Unconditional cash transfers are the New Hot Thing™ in development right now. I'm myself quite a fan of this idea and wish that it would be employed more broadly. Now one of the NGOs at the forefront of this particular movement is taking an even more radical step. In the words of Michael Faye and Paul Niehaus of GiveDirectly in Slate:
We’re planning to provide at least 6,000 Kenyans with a basic income for 10 to 15 years. These recipients are some of the most vulnerable people in the world, living on the U.S. equivalent of less than a dollar. And we’re going to work with leading academic researchers, including Abhijit Banerjee of MIT, to rigorously test the impacts.

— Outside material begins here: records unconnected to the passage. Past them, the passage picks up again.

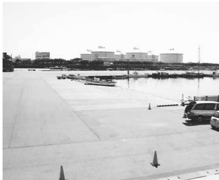
整備がすすむ網代浜船だまり

町長 網代浜船だまりでのクラブハウス整備、船上イベント、海の釣り堀りなども今後考えていく必要もある。 保安林については、植樹をしているところであり、人工的に手を加える計画は難しいが、加治川左岸については、海岸の保安林を一体的に活用した道の駅的な構想も考えている。
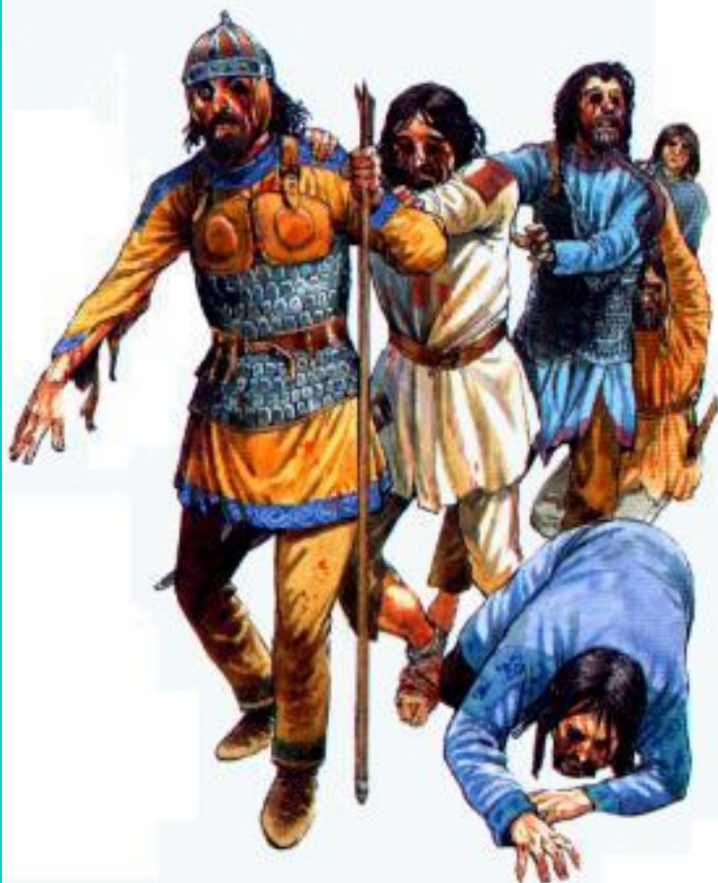
Ослепленные болгары. Современный рисунок.

Василий убил ок. 100 тыс болгар, 14 тыс. было ослеплено и в качестве устрашения отправлено домой.
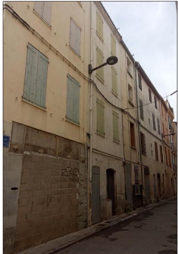
rue François Arago
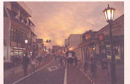
参考：千葉県成田市 （セットバック後に電線地中化、街路灯改修した事例）

An unconditional basic income happens to be another policy that I'm a huge fan of. Based on the limited evidence we have (nobody actually ever tried this on a national level), a basic income can have tremendous impacts on health and education, no matter if in developed or underdeveloped countries.
In the African context, there has been one similar project in Namibia in 2008 which showed promising early results, but which was not accompanied by adequate research and only lasted for a couple of years. Alaska has a very low basic income derived from oil profits and a German initiative doles out one-year basic incomes funded by donations. The idea is picking up steam, though, with Switzerland poised to hold a referendum on a national basic income, which would give all Swiss adults a basic income of about $1,650 per month, no questions asked. If you want a broad overview over the discussion about basic incomes (in industrialized nations), the current episode of popular radio show/podcast Freakonomics has you covered.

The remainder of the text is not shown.